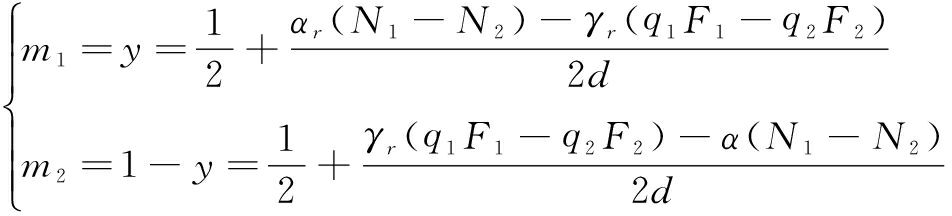 则平台i(i=1,2)获取的发起者所占市场份额mi(i=1,2)为:
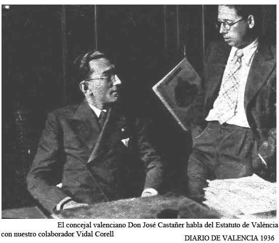 Otro dia, ese mismo concejal, don José Castañer Fons, presentó al Ayuntamiento una proposición encaminada a que la corporación iniciara gestiones para conseguir el estatuto de Valencia. Al conocerse la proposición del señor Castañer Fons han llegado al ayuntamiento telegramas de adhesión y centenares de pliegos con firmas de valencianos que piden el Estatuto Valenciano.
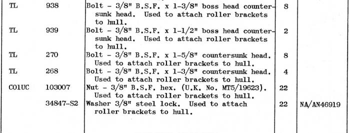 Richard, If you mean the cross tube roller brackets, where they bolt to the hull, then they are all 3/8" BSF of various lengths.
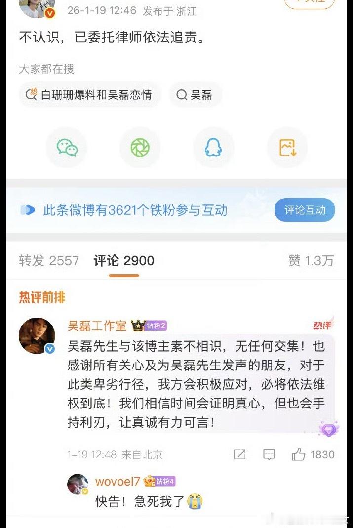 吴磊 白珊珊吴磊很刚,直接告的是源头诽谤,还有其他侵权造瑶传谣的也不少,也在取证当中。假嫂子很快滑跪,说被“盗号”,这口癖…吴磊真无妄之灾,纯文字的造瑶编造,造成的伤害是无法挽回的。我们正常人都会觉得这种造瑶严重,但某些群体不一定这么觉得,无道德底线的人是需要狠狠告,不然人人效仿,这个圈子还得了。吴磊起诉白珊珊诽谤侵权
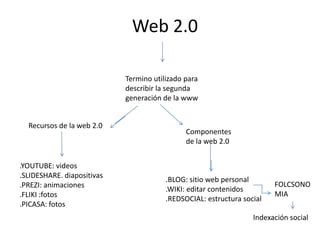 Web 2.0 es un término que describe la segunda generación de la World Wide Web, la cual se caracteriza por permitir a los usuarios interactuar y colaborar en la creación y publicación de contenido en línea. Algunos recursos populares de la Web 2.0 incluyen YouTube para videos, SlideShare para presentaciones, blogs, wikis y redes sociales.
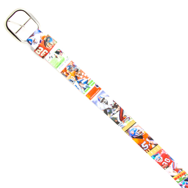 This Denver Broncos football card belt was handmade with Broncos cards from 1989-2020. It fits waist sizes 30-34. If this belt isn't built in your size you can order a custom fit Broncos belt here.
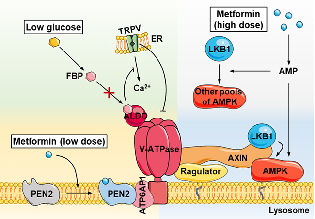 近日,中國(guó)科學(xué)院大連化學(xué)物理研究所中國(guó)科學(xué)院分離分析化學(xué)重點(diǎn)實(shí)驗(yàn)室生物分子功能與機(jī)制研究組(1821組)樸海龍研究員團(tuán)隊(duì)與廈門(mén)大學(xué)林圣彩院士團(tuán)隊(duì)和鄧賢明教授團(tuán)隊(duì)合作,鑒定到二甲雙胍直接作用的分子靶點(diǎn)為PEN2(γ-secretase的亞基),并進(jìn)一步揭示了這一分子間的相互作用介導(dǎo)的溶酶體途徑,激活A(yù)MPK的具體方式,闡釋了AMPK相關(guān)途徑在二甲雙胍所介導(dǎo)的降糖、延長(zhǎng)壽命和延緩衰老等功能上發(fā)揮的重要作用。
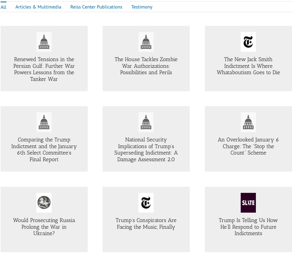 The Reiss Center on Law and Security’s leadership and affiliated experts have published a wide range of writing on the most pressing national security issues of the day. Our output ranges from short-form pieces, to reports and issue briefs, to books and edited volumes. See below for a full list of recent and past publications.
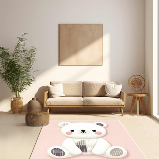 Cute Pink Bear Kids Rug - Washable Baby Room Mat - Playroom Rug - Childrens Room Rug - Adorable Girls Room Rug
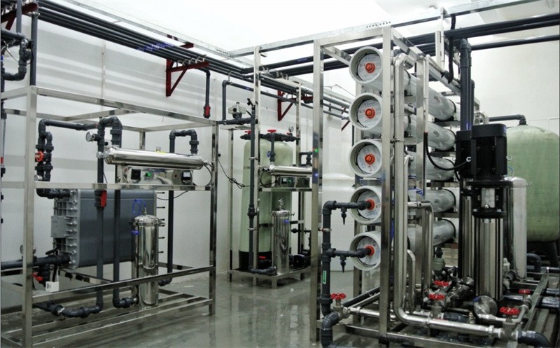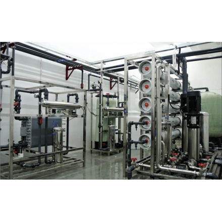 (2)原水箱→原水泵→超濾裝置→超濾水箱→雙級反滲透膜組→RO純水箱→RO純水泵→紫外殺菌器→精密過(guò)濾器→EDI裝置→EDI氮封水箱→EDI純水泵→ TOC降解儀→核級拋光混床→微孔過(guò)濾器→用水點(diǎn)
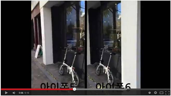 이 손떨림 보정이 얼마나 효과가 있을까요? 아이폰5와 아이폰6를 같은 기구에 고정해서 걸으며 동시 촬영했습니다. 확실히 아이폰6 쪽이 덜 흔들리는 느낌이 드네요.
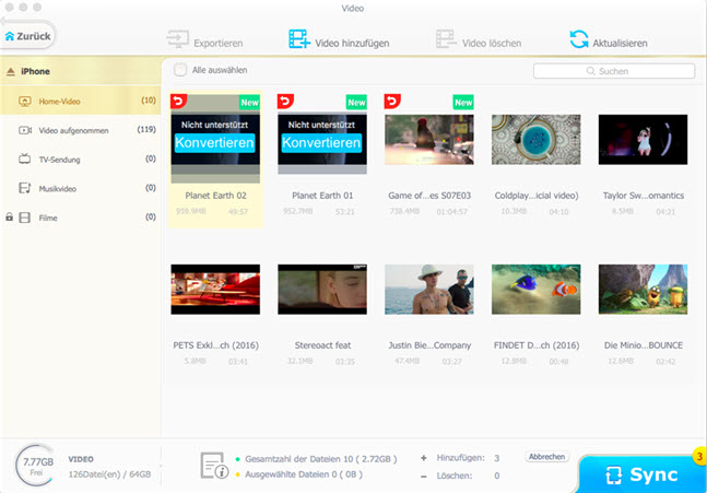 Schritt 3: Zum Schluss mit einem Klick auf den Button "Sync" lassen sich Ihre eigene oder geschützte DVD auf iPad kopieren ohne iTunes unter Mac/Windows in wenigen Minuten.
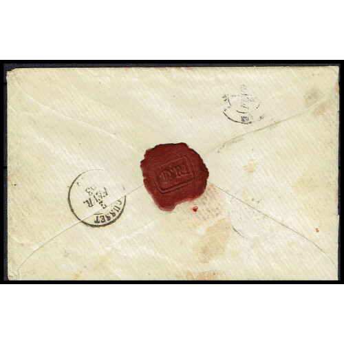 1862 (28 Dec) CEMF French Expeditionary Corps in Mexico: Cover bearing Napoleon 20c blue and 40c orange pair tied four strikes of CEMF dotted diamond cancels with Bureau F CDS alongside paying the 100c rate to Cusset France sent via England. Higher letter bureau are much scarcer.
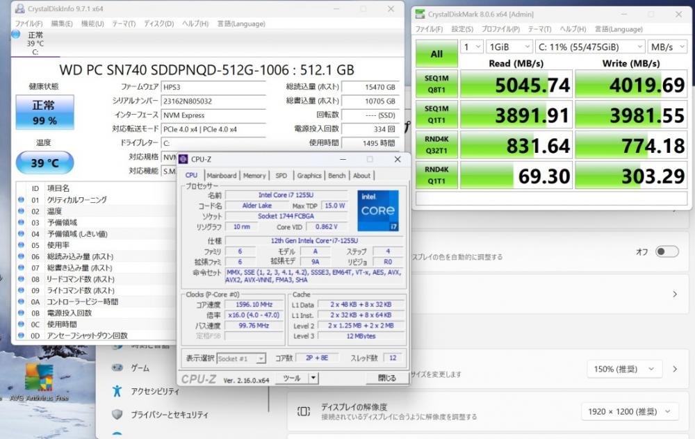 | CPU: 超高速 Intel 10コア 卓越性能 第12世代Core i7-1255u 1.7Ghz、 10コア12スレッド (ターボ・ブースト利用時の最大周波数 4.7GHz) |
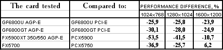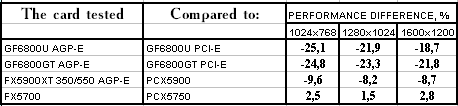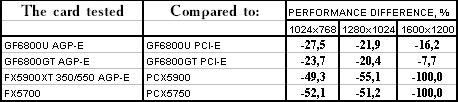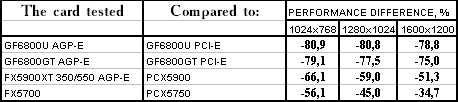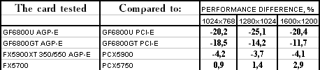 - NVIDIA GeForce 6800Ultra (Leadtek WinFast A400 Ultra, частота снижена до 400/550 (1100) MHz, 256MB) — против NVIDIA GeForce 6800 Ultra PCI-E (Reference card, частота 400/550 (1100) MHz, 256MB);

-=-=-=-=-

> **ACTIVITY**: Everything between and including the line above containing "Web 2.0 es un" and the line containing "This Denver Broncos" should be reproduced exactly, with pictures excluded.

> **WRITTEN RESPONSE**:
 Web 2.0 es un término que describe la segunda generación de la World Wide Web, la cual se caracteriza por permitir a los usuarios interactuar y colaborar en la creación y publicación de contenido en línea. Algunos recursos populares de la Web 2.0 incluyen YouTube para videos, SlideShare para presentaciones, blogs, wikis y redes sociales.
 This Denver Broncos football card belt was handmade with Broncos cards from 1989-2020. It fits waist sizes 30-34. If this belt isn't built in your size you can order a custom fit Broncos belt here.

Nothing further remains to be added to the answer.